A close up inspection of the rafter heel condition at the top plate highlighted the failure of the roof system.  A birds-mouthed rafter with (3) toe-nails into the wall top plate is a common framing detail used in residential structures.  This detail was used throughout this development.  There appear to be two realistic modes of failure for this detail as highlighted in the pictures below.  The first mode is failure of the 2x rafter at the birds-mouth.  This failure mode occurred in a small portion of rafters witnessed. 

The second mode of failure is at the toe-nail connection.  Although this connection works reasonably well for lateral shear, the typical limit state for uplift loading is nail withdrawal from the wall top plate.  The nails in the picture below appear to have seen very little stress during failure.     

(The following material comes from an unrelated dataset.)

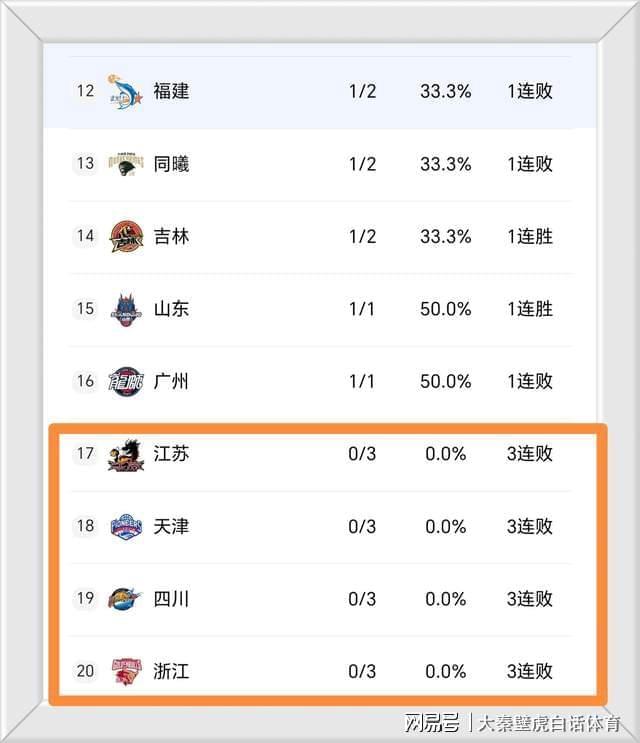 江苏队、天津队、四川队以及浙江队,4支球队都是开局3连败,至今未尝一胜,尤其是浙江男篮,作为上赛季的季后赛球队,新赛季开赛以来排名垫底,确实令人大跌眼镜。

Athough this is a common detail, I avoid detailing a rafter/truss to top plate connection with toe-nails. A Simpson H2.5A anchor, available at local hardware stores, is inexpensive and provides a significantly improved connection capacity. This syle of clip results in a more consistent installation and brings a different connection failure mode that does not include nail withdrawal. For a small home with a simple framed roof, such as homes in this development, a small investment in H2.5A clips can have a major impact on structural performance.

Tuesday, May 3, 2011

Tuscaloosa, Alabama Tornado Meets Wood Truss

I pulled the picture below from The Birmingham Business Journal's coverage of the April 27, 2011 tornado damage.  I have been slow to look at online pictures and videos of the event for a myriad of reasons.  I lived in Tuscaloosa for several years while studying for my BS and MS.  Even though many people have seen the devestation via TV, Web, or first hand, I could not resist sharing this picture here on the blog. 

A close look at the stick of wood embedded in the bumper of this car, and the wood lying on the ground in front of the car, reveals that this "stick" is actually from a metal plate connected wood truss.   I do not know the context of this picture to understand how this may have happened or the location of adjacent buildings from where this truss may have lived.  Whatever the process, the end result is amazing.